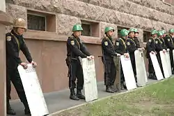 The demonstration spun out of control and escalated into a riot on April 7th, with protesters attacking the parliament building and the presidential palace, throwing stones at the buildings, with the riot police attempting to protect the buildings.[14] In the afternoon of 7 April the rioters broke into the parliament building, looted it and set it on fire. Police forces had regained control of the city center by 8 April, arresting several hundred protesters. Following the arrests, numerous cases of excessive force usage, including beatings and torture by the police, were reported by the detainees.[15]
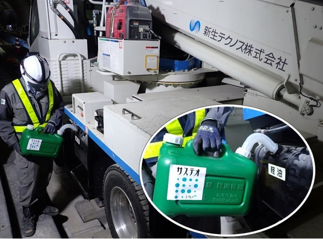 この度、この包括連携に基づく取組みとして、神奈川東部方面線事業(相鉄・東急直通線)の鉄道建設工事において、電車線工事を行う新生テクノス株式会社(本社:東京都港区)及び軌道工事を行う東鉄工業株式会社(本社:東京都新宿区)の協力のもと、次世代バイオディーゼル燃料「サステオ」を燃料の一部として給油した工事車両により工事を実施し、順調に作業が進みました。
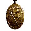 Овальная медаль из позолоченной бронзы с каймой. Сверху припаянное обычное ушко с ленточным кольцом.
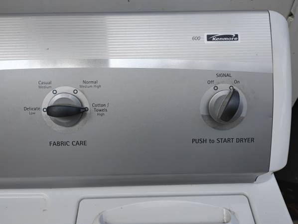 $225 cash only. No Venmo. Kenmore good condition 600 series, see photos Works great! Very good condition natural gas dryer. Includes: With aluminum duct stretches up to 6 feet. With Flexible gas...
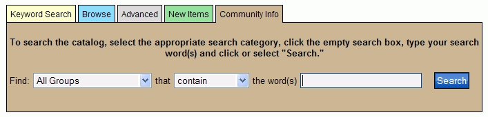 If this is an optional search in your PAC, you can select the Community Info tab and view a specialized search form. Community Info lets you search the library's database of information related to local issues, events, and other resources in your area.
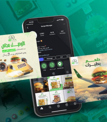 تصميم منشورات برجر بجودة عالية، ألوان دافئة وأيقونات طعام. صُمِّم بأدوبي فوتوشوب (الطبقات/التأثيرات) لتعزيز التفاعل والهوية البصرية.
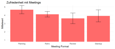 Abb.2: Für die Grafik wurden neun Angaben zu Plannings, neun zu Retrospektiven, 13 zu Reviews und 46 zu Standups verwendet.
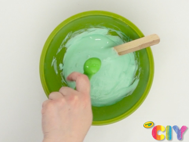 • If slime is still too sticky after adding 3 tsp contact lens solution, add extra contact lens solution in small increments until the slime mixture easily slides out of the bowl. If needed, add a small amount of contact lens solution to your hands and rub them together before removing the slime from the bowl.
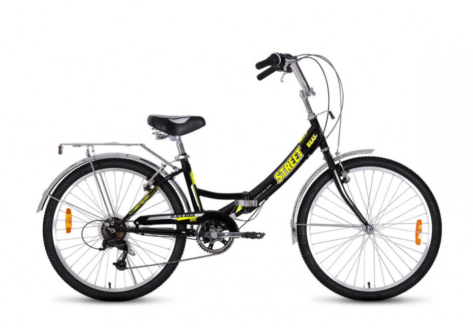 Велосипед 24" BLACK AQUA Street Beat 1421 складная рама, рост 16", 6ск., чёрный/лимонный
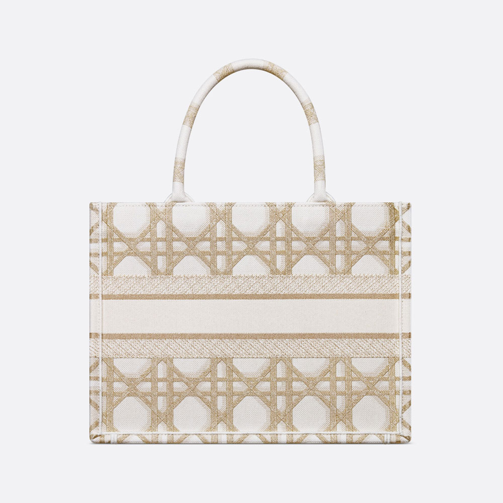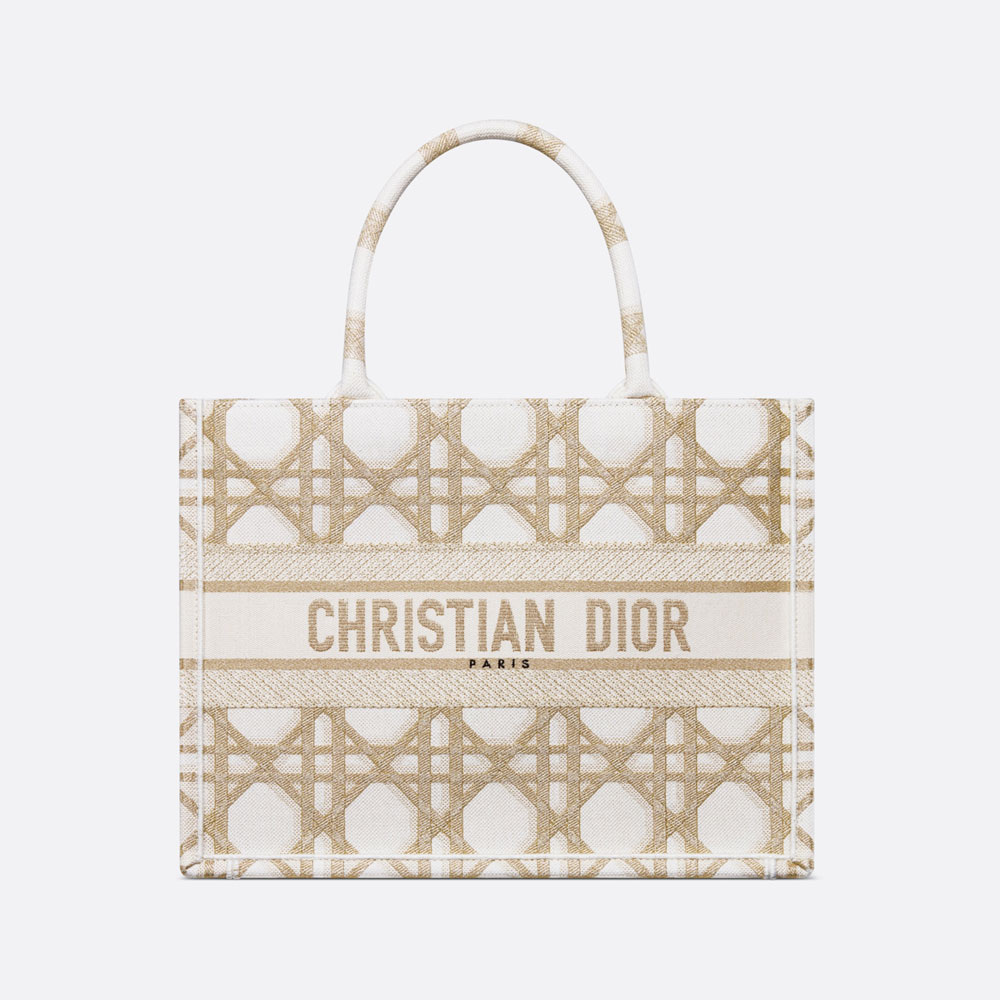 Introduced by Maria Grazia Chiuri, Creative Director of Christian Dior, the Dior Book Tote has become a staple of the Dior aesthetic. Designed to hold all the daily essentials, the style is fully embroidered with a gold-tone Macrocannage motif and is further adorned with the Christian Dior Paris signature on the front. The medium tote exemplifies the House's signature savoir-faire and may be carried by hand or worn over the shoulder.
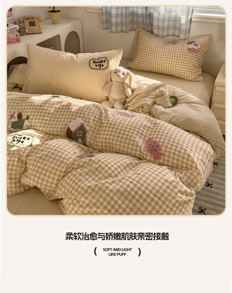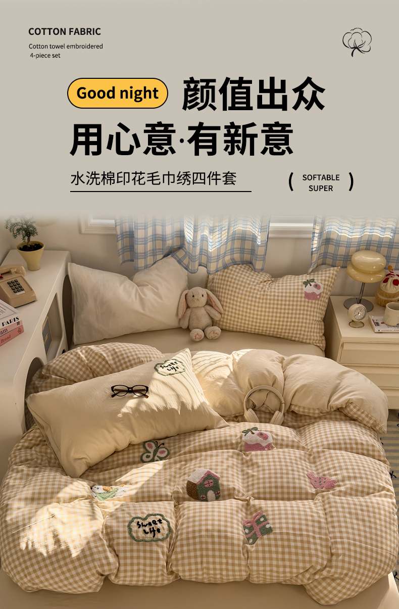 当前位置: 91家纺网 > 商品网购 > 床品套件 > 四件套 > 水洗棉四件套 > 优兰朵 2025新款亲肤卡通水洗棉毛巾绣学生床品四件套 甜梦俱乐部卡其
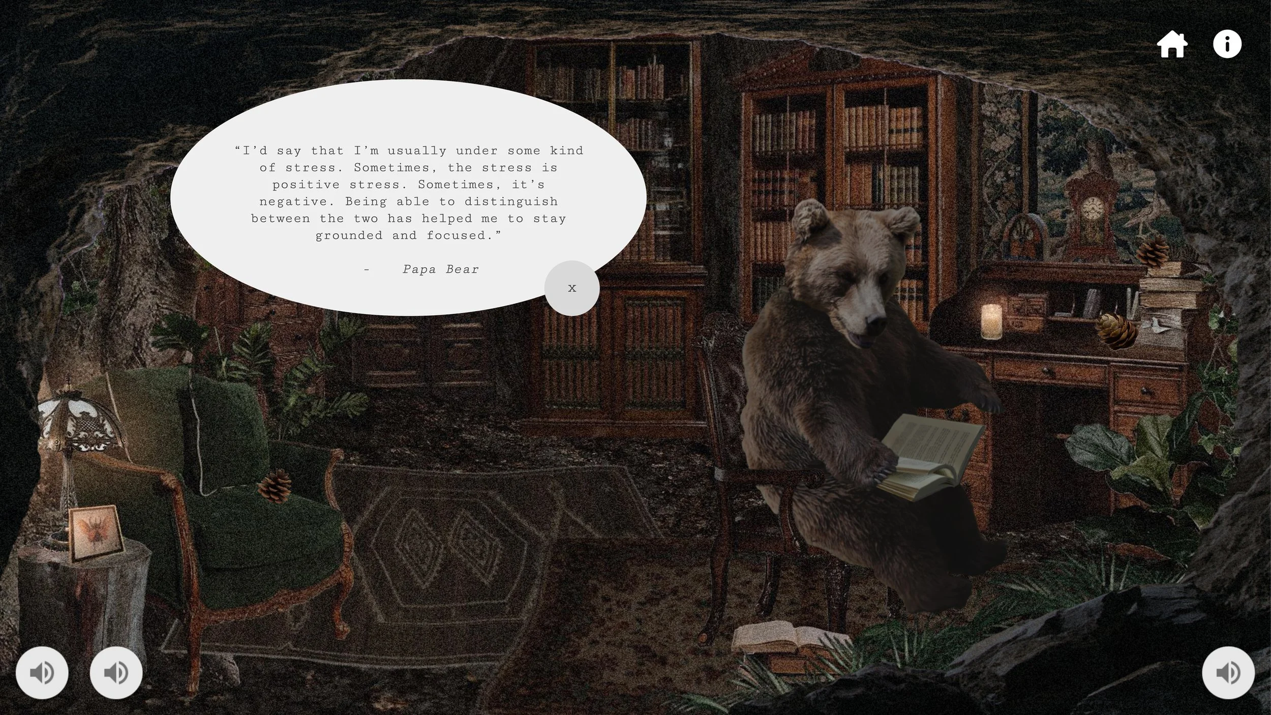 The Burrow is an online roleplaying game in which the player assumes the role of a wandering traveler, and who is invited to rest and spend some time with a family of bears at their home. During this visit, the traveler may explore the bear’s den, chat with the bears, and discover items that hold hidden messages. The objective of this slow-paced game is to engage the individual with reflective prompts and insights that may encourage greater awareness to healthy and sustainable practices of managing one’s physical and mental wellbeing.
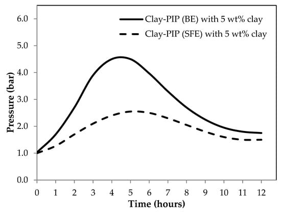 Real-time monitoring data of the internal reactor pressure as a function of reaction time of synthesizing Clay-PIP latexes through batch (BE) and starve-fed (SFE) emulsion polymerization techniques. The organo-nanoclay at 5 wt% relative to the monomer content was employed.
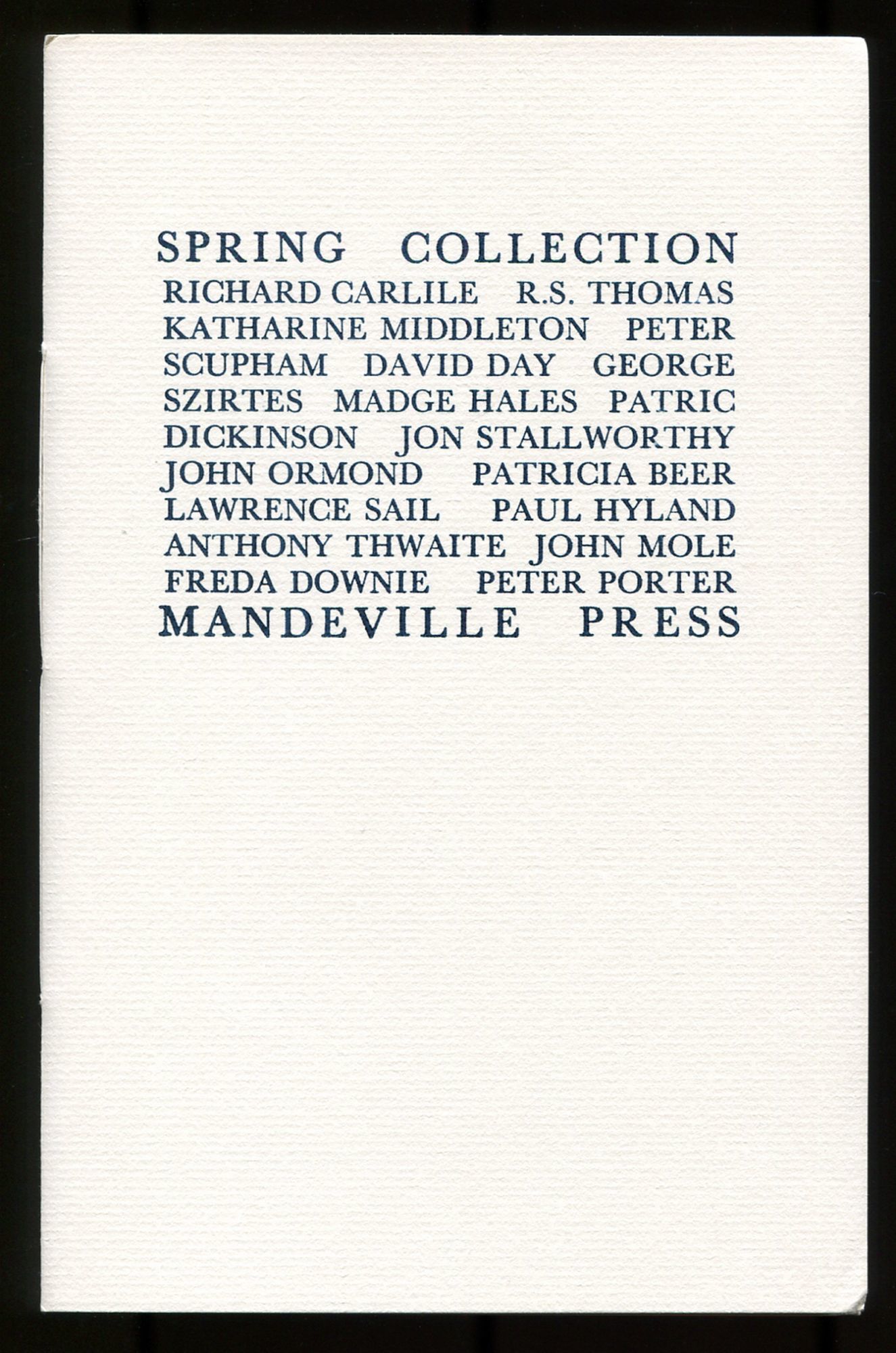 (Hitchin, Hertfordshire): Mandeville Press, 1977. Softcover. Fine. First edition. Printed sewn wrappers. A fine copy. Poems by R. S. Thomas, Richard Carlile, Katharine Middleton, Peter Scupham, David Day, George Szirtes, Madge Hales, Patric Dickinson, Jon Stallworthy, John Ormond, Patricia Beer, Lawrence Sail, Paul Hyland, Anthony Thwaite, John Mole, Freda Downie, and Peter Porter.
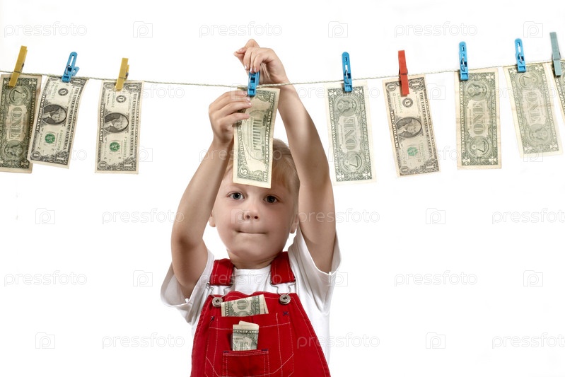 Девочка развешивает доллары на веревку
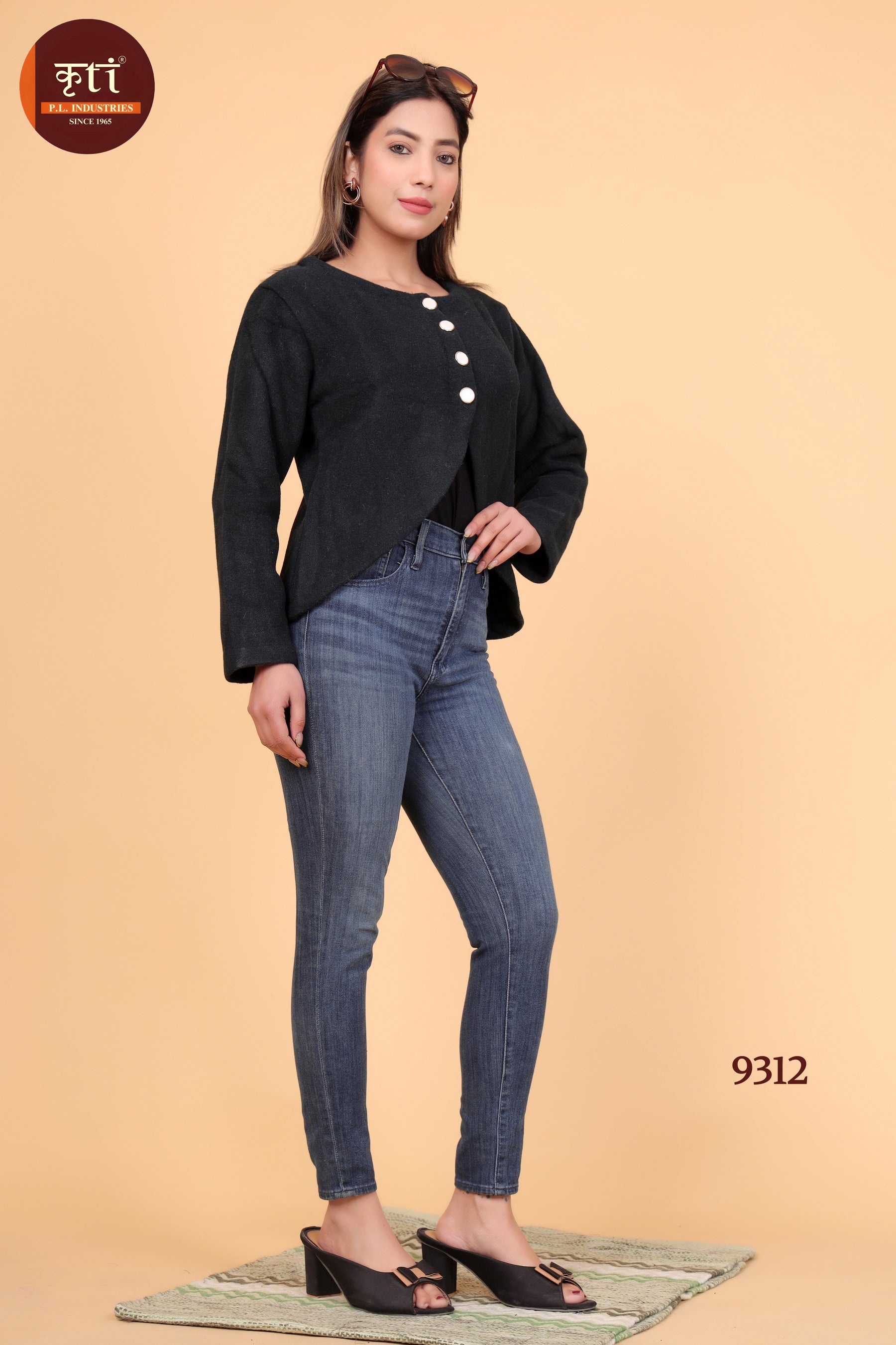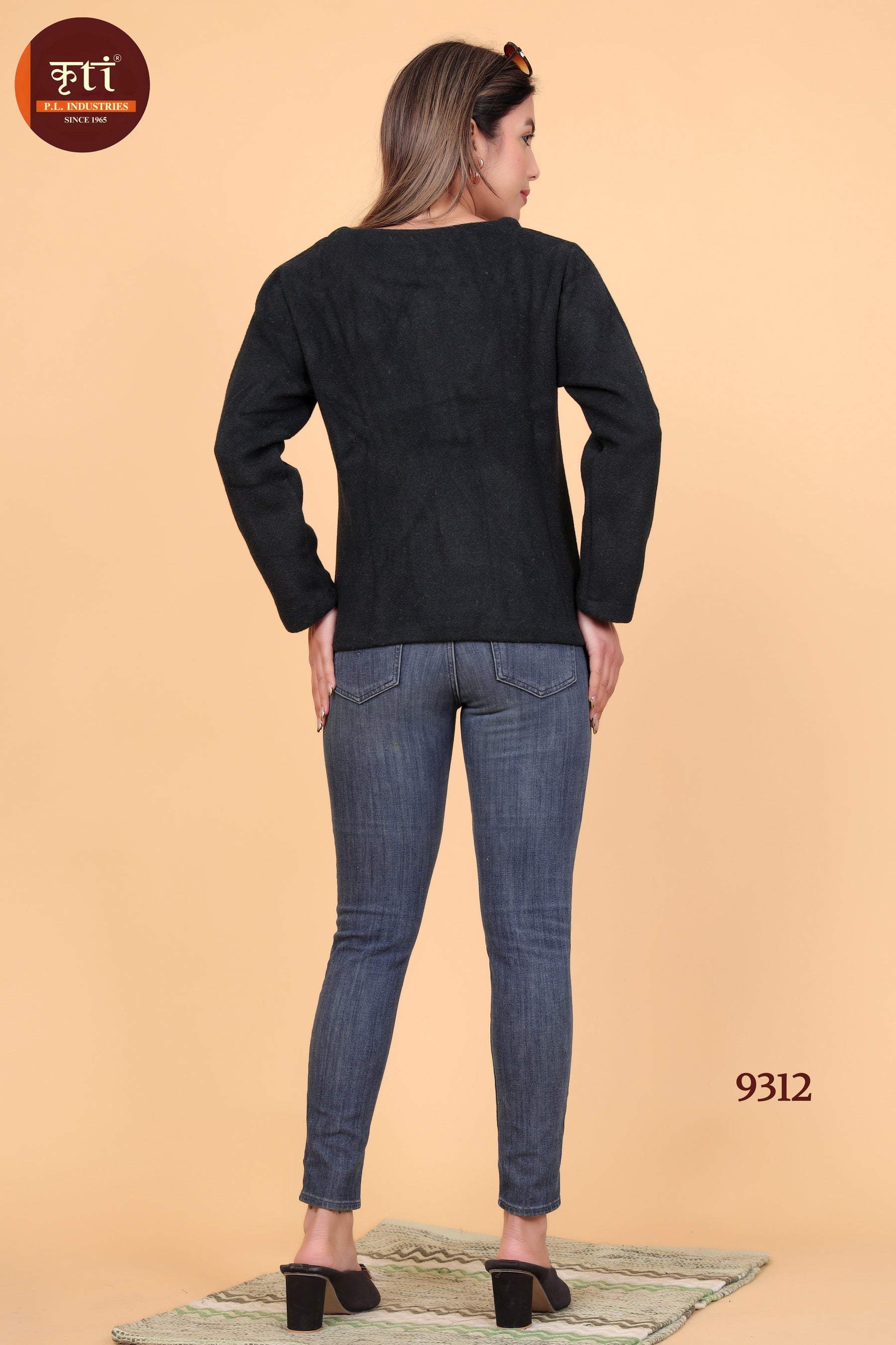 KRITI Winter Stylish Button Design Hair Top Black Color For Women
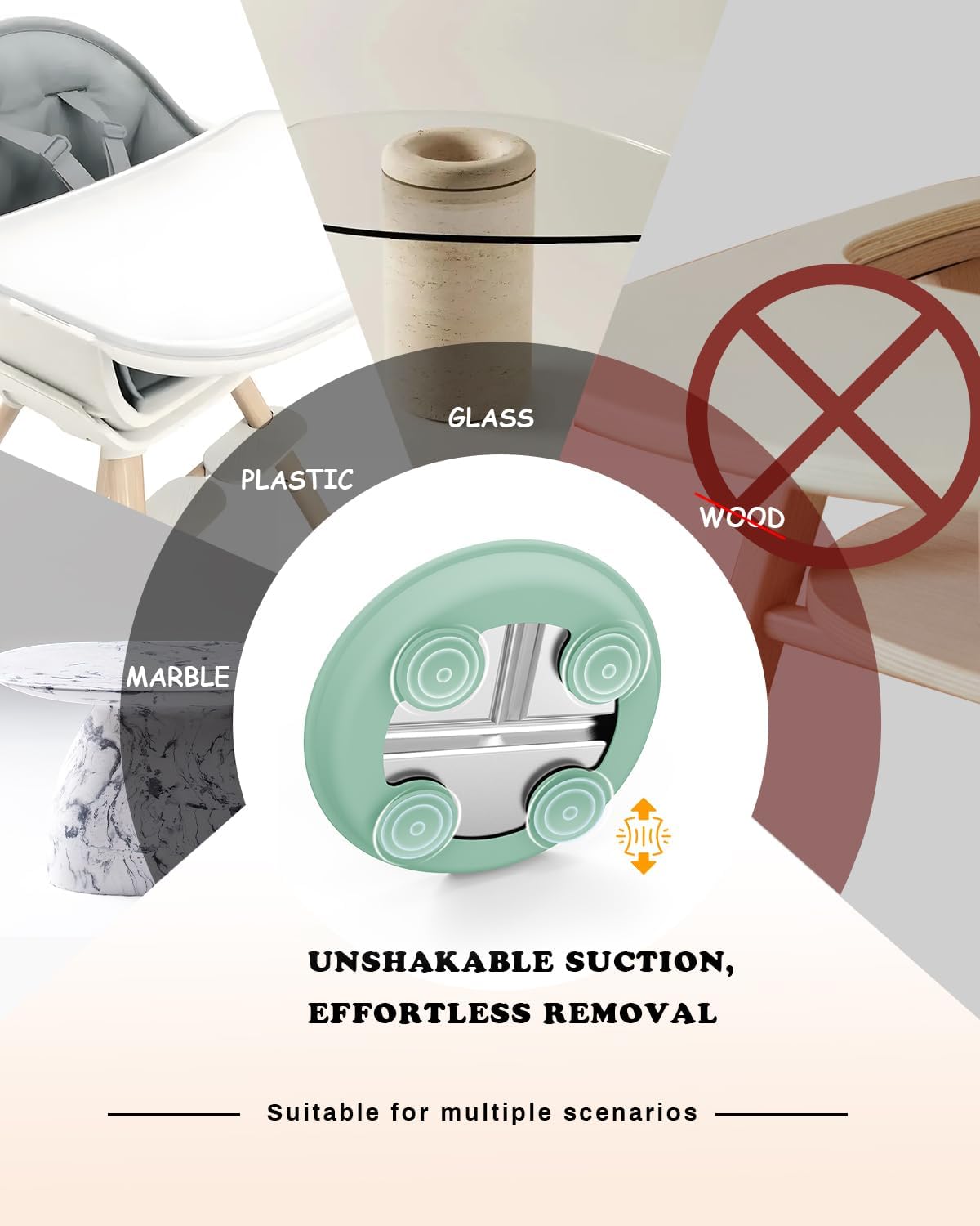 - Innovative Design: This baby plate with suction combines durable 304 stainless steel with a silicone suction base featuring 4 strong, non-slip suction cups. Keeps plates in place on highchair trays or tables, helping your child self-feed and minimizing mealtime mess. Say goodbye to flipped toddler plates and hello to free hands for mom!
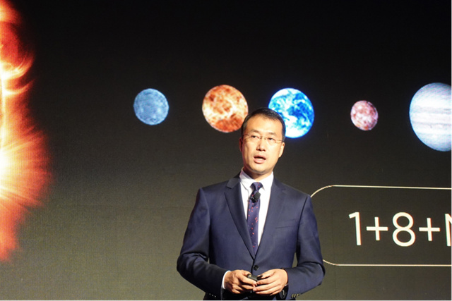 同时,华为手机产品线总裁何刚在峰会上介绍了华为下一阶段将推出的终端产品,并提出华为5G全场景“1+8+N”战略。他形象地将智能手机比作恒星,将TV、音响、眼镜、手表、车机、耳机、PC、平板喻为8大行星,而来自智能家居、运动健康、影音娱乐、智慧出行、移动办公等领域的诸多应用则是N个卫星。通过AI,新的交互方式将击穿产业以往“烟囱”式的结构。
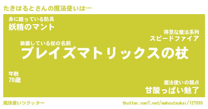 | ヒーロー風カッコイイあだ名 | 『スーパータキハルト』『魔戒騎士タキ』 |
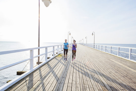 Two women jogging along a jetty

════════════════

TASK TO CARRY OUT: Above are the records; copy from them only the lines starting at the one containing "Abb.2: Für die" and ending at the one containing "当前位置: 91家纺网 >", exactly and without pictures.

YOUR SOLUTION:
 Abb.2: Für die Grafik wurden neun Angaben zu Plannings, neun zu Retrospektiven, 13 zu Reviews und 46 zu Standups verwendet.
 • If slime is still too sticky after adding 3 tsp contact lens solution, add extra contact lens solution in small increments until the slime mixture easily slides out of the bowl. If needed, add a small amount of contact lens solution to your hands and rub them together before removing the slime from the bowl.
 Велосипед 24" BLACK AQUA Street Beat 1421 складная рама, рост 16", 6ск., чёрный/лимонный
 Introduced by Maria Grazia Chiuri, Creative Director of Christian Dior, the Dior Book Tote has become a staple of the Dior aesthetic. Designed to hold all the daily essentials, the style is fully embroidered with a gold-tone Macrocannage motif and is further adorned with the Christian Dior Paris signature on the front. The medium tote exemplifies the House's signature savoir-faire and may be carried by hand or worn over the shoulder.
 当前位置: 91家纺网 > 商品网购 > 床品套件 > 四件套 > 水洗棉四件套 > 优兰朵 2025新款亲肤卡通水洗棉毛巾绣学生床品四件套 甜梦俱乐部卡其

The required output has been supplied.